Options Clearing Corp. (OCC) agreed to pay $22 million as part of settlements with the Securities and Exchange Commission (SEC) and Commodity Futures Trading Commission (CFTC) addressing charges the company failed to comply with internal rules to manage risks.
The OCC, the world’s largest equity derivatives clearing corporation, didn’t properly create, implement, and enforce its written policies and procedures related to reducing operational risks, the SEC alleged Thursday. The OCC didn’t comply with its agency-approved stress testing and clearing fund methodology rule between October 2019 and May 2021, per the agency’s order.
When the company didn’t modify its comprehensive stress testing system, as required, it didn’t notify the SEC of this failure, the order stated.
The OCC also didn’t comply with its margin methodology, margin policy, and stress testing and clearing fund methodology related to specific wrong-way risk and holiday margin, the SEC said.
“As a result of deficiencies in certain internal controls, human errors, and oversight failures, OCC’s clearing fund was underfunded by between $200 million to $588 million at various times during October 2019 through May 17, 2021,” the CFTC said in its press release Thursday.
In September 2019, the OCC paid a combined penalty of $20 million to the SEC and CFTC and was ordered to undertake remediations for “failing to establish and enforce policies and procedures involving financial risk management, operational requirements, and information-systems security,” the SEC said.
“The CFTC notes its concern that OCC’s failure to implement certain of its policies and procedures … occurred after the 2019 order,” the agency said.
Without admitting or denying wrongdoing, the OCC agreed to pay $17 million to the SEC and $5 million to the CFTC.

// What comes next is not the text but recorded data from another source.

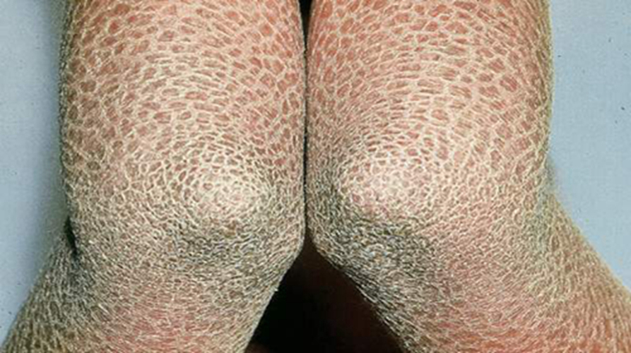 這是最常見的一種類型,表現(xiàn)為皮膚干燥,尤其是在四肢伸側(cè)和軀干更為顯著。患者皮膚上可見淺白色菱形或多角形鱗屑,邊緣略隆起,中央固定,如同魚鱗般排列。冬季時癥狀通常加重,皮膚干燥、脫屑明顯,而溫暖濕潤的季節(jié)癥狀可有所緩解。輕癥者可能只在冬季感到皮膚干燥,伴有少量鱗屑。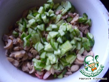 Выложить в миску кальмаров, креветки, консервированные шампиньоны.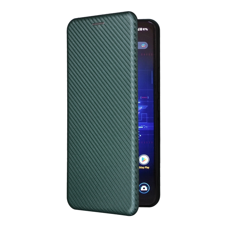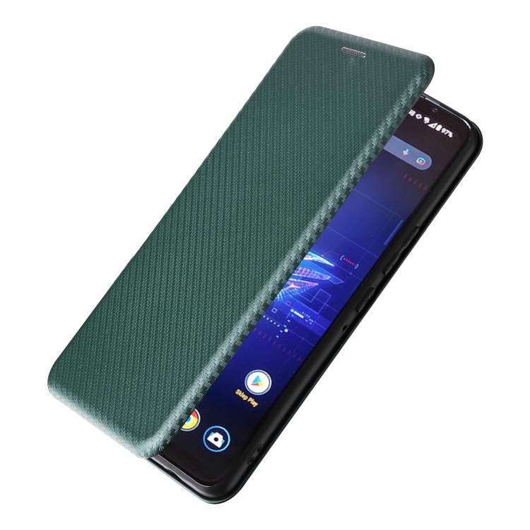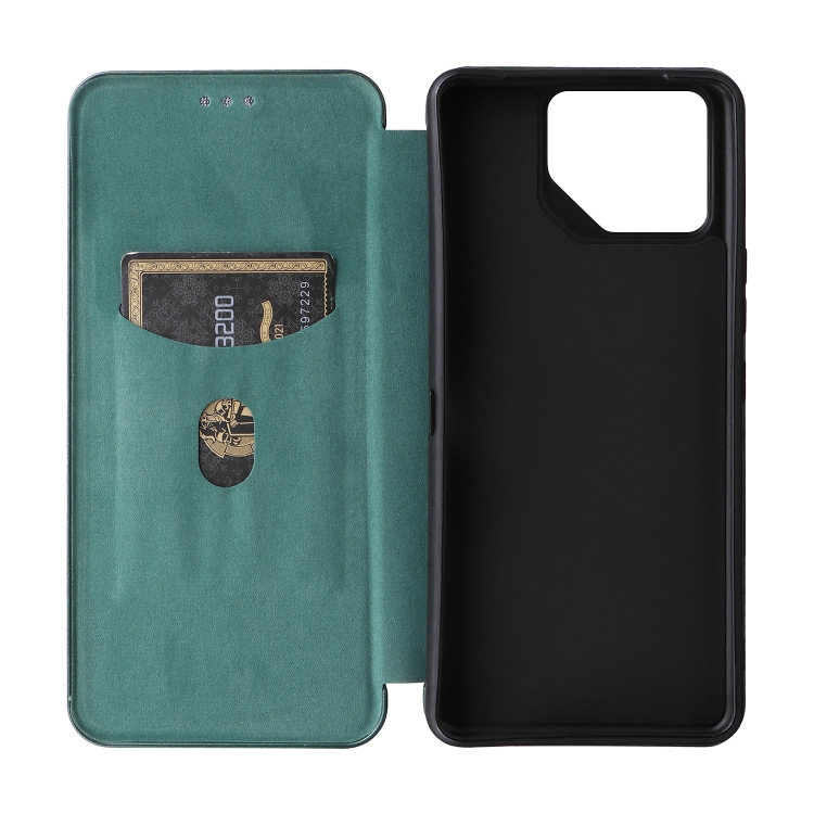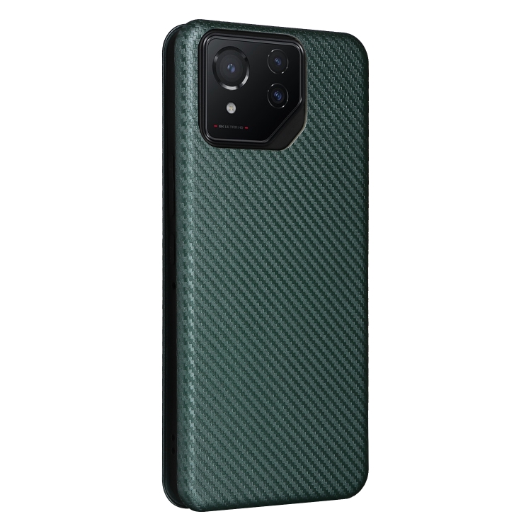 Funda de Cuero para Asus Rog Phone 8 con Tapa y Textura de Fibra de Carbono (Verde)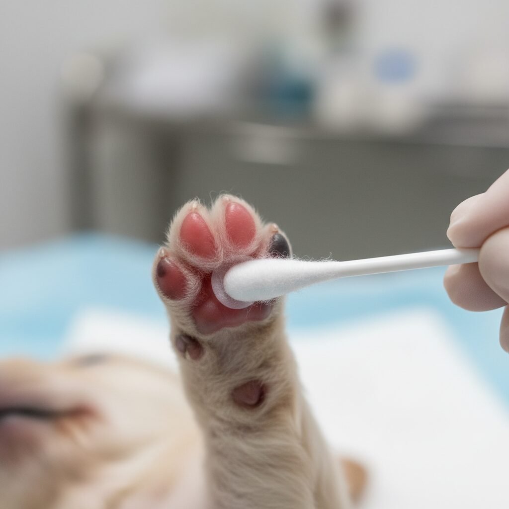 Procedure: Holding the puppy in one hand, gently stimulate the sole of one paw with a cotton swab or similar soft object. It is not necessary to see the puppy react. The simple act of the nerve endings registering the sensation is sufficient.
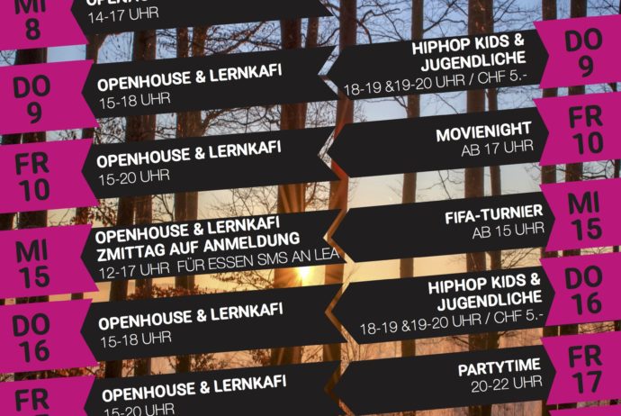 Auch im Februar wartet wieder ein tolles Programm auf euch! Party, Movie Night aber auch das FIFA Turnier und der Beauty Workshop mit kleinen Snacks dürft ihr auf keinen Fall verpassen. Wer gerne am Mittwoch dem 15. Februar mit uns Mittagessen würde, soll sich bei Lea unter 077 420 16 60 anmelden. Wir freuen uns auf euch!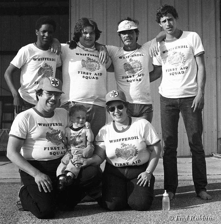 Ossining Volunteer Ambulance Corps: Standing (L to R): John McRae, Billy Chadeayne, Jimmy Reddy, Steve Kress; Kneeling: John, Daniel & Sharon Brana, 1981?
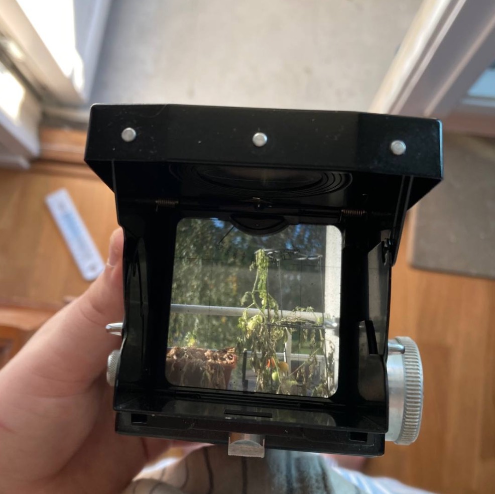 den har en förhållandevis ljus och tydlig sökare där bilden framgår väldigt tydligt. det kan ta ett tag att vänja sig vid att alla rörelser blir spegelvända, men det är ju någonting som gäller alla tlr-kameror. sökaren i bild är en annan ikoflex-modell från mitten av 1950-talet jag ärvde från min morfar. de skiljer sig inte på annat vis än att ikoflex 1 inte har några linjer eller ljusmätare. anledningen till att jag recenserar den äldre varianten och inte min morfars gamla följer av nästa stycke.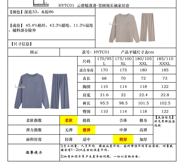 • 商品名称:云滑糯蓬蓬-男圆领长袖家居套HYTC01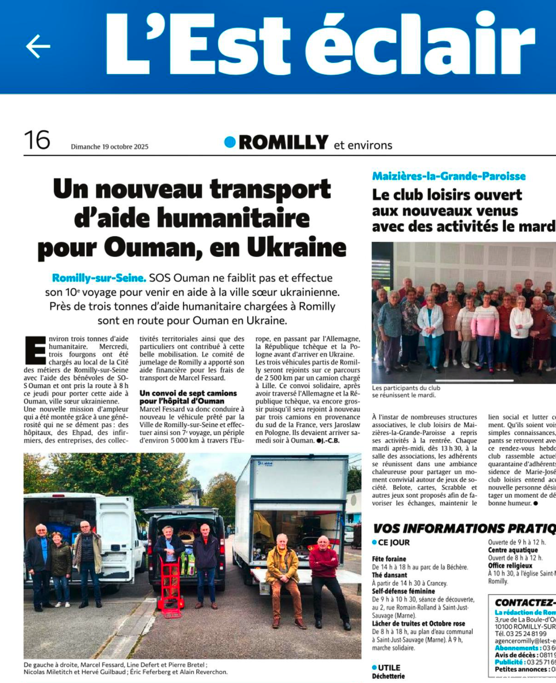 Le 19 octobre 2025, le journal L’Est Éclair a publié un article sur nos bénévoles, partis de Romilly sur-Seine, pour apporter une aide médicale essentielle à Ouman, en Ukraine.
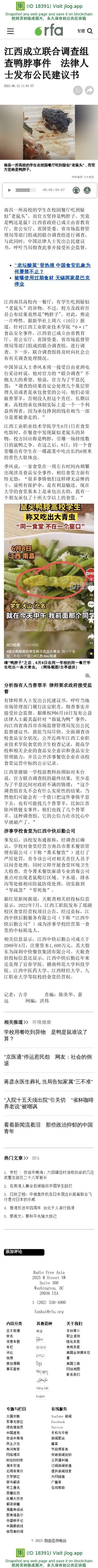 江西成立联合调查组查鸭脖事件 法律人士发布公民建议书 — 普通话主页

Compliance ramifications: As part of its settlement with the SEC, the OCC agreed to take the following measures:
- Revise its model validation policies and procedures;
- Enhance its approach to risk data governance; and
- Implement changes to aspects of its control environment, including processes, procedures, and controls.
The OCC must also conduct trainings on the updates, the SEC said.
The CFTC required the company complete in one year ongoing reviews of its risk management framework and governance and implement within 18 months the recommendations of an independent compliance auditor received in March 2022.
“[Derivatives clearing organizations] must not only establish policies and procedures designed to manage their risks but also implement, maintain, and enforce those policies and procedures,” said Gretchen Lowe, the CFTC’s acting director of enforcement, in the agency’s release.
The OCC self-identified and reported the issue to the SEC and CFTC in 2021, the company said in a press release.
“Most of the work to remediate this issue is complete, and any remaining actions are on a path to be completed within the next year,” said OCC Chief Executive John Davidson. “We look forward to continuing to work constructively with our regulators as our transformation continues.”